◆ EXERCISE: After finding the line with "Photos showed one" in the entries below, retype exactly each line from there through the line with "A 6oz Prime", including that final line.

[RECORD SET Boundary: Start]

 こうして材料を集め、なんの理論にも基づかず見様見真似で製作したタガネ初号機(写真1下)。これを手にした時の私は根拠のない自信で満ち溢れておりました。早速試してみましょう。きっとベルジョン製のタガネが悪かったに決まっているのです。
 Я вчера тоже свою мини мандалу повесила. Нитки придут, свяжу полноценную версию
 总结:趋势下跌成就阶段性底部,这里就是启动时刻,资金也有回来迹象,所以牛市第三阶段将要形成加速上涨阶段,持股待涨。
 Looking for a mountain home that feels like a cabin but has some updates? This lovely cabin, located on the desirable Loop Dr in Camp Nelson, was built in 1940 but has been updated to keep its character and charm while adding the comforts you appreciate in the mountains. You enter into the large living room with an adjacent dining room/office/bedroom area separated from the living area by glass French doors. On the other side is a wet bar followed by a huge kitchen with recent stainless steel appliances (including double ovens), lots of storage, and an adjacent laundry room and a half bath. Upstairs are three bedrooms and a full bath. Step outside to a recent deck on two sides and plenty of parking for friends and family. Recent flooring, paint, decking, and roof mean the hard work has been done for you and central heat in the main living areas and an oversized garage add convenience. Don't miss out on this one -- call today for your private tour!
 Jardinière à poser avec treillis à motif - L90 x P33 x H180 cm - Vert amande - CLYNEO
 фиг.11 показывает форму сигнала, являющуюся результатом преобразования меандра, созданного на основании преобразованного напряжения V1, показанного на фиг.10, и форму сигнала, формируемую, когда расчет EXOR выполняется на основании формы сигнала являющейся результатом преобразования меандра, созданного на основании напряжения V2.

[RECORD SET Boundary: End]
[RECORD SET Boundary: Start]

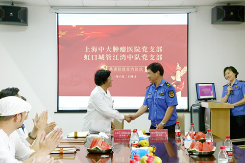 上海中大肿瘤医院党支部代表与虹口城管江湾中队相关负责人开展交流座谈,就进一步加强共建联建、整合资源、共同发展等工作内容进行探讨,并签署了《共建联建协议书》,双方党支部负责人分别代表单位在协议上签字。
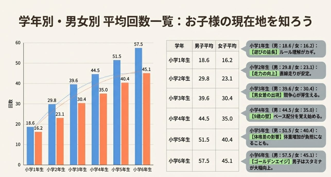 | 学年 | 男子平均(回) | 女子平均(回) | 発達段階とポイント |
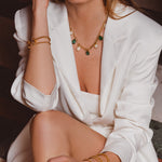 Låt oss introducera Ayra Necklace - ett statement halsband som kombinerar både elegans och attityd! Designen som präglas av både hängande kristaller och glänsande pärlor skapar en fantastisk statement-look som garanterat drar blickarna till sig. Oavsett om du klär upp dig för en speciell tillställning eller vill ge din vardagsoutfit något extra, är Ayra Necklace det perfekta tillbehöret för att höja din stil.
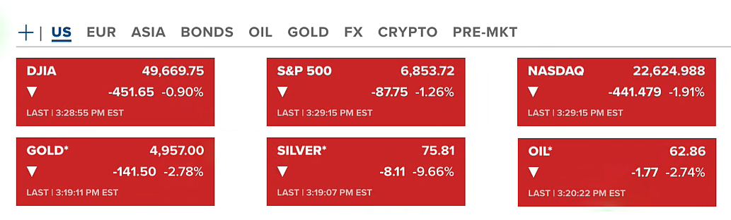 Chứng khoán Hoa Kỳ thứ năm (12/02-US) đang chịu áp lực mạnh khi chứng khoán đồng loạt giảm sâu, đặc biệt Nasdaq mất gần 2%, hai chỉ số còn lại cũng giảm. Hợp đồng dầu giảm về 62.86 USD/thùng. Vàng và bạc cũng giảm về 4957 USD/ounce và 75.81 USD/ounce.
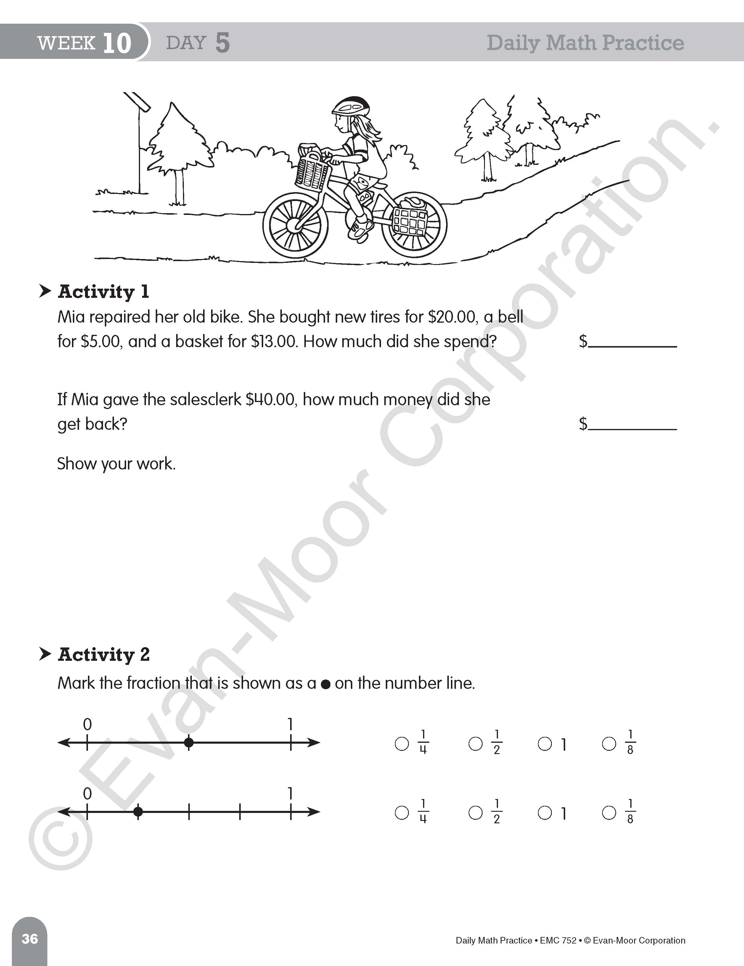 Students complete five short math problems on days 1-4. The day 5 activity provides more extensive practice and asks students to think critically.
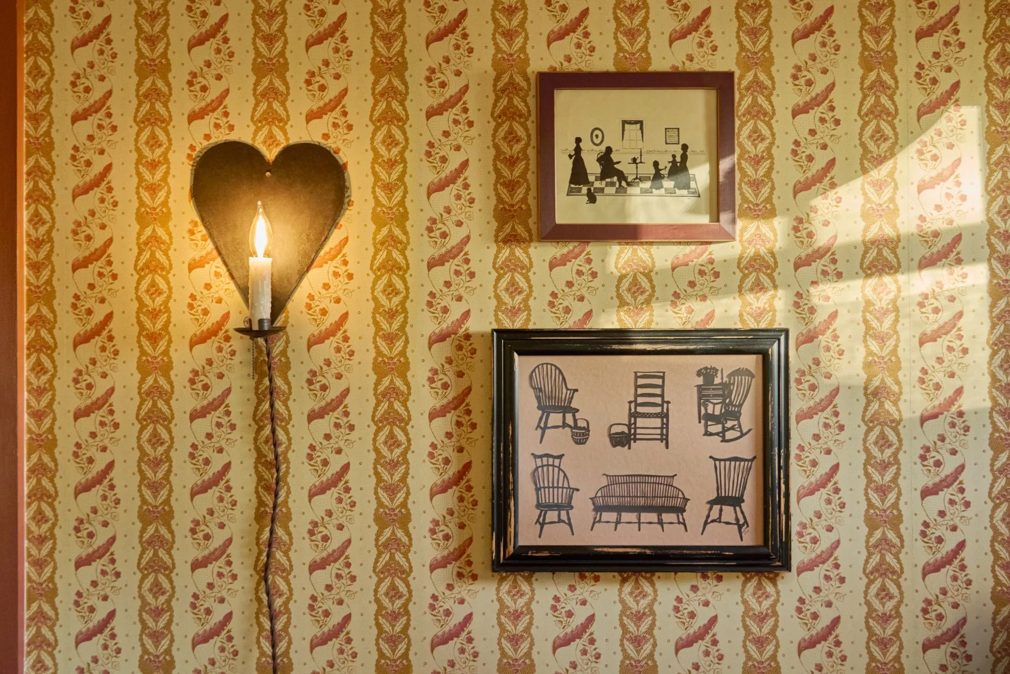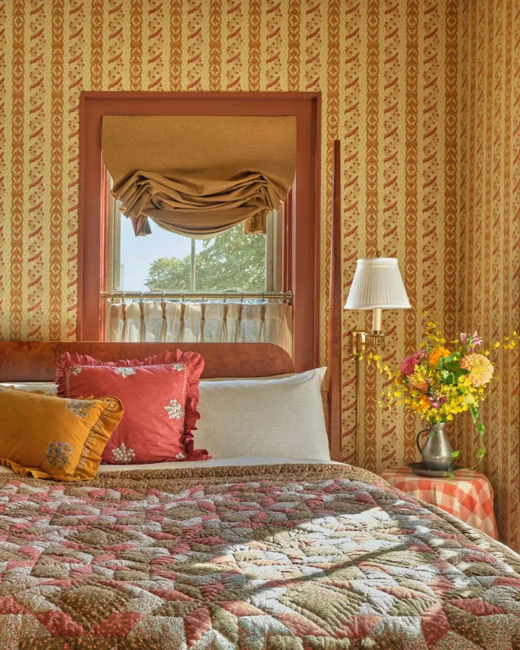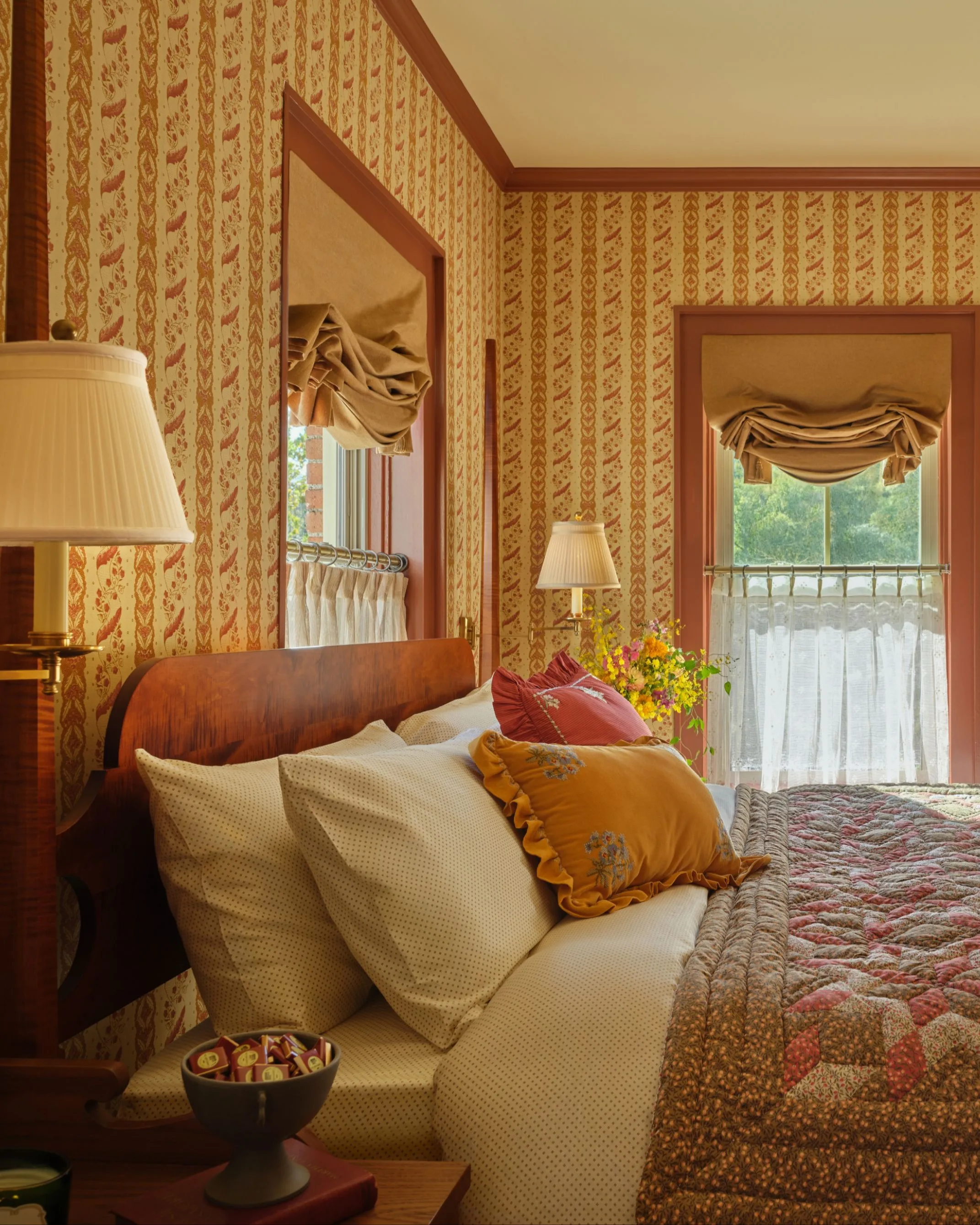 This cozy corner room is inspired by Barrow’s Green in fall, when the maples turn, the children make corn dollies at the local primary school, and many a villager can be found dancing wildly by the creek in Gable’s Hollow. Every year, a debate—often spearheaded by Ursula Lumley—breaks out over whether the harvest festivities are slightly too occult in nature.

[RECORD SET Boundary: End]
[RECORD SET Boundary: Start]

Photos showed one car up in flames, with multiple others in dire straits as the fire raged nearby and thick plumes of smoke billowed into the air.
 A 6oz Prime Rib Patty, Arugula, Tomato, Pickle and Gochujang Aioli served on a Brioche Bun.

[RECORD SET Boundary: End]

◆ ANSWER TO THIS PROBLEM:
Photos showed one car up in flames, with multiple others in dire straits as the fire raged nearby and thick plumes of smoke billowed into the air.
 A 6oz Prime Rib Patty, Arugula, Tomato, Pickle and Gochujang Aioli served on a Brioche Bun.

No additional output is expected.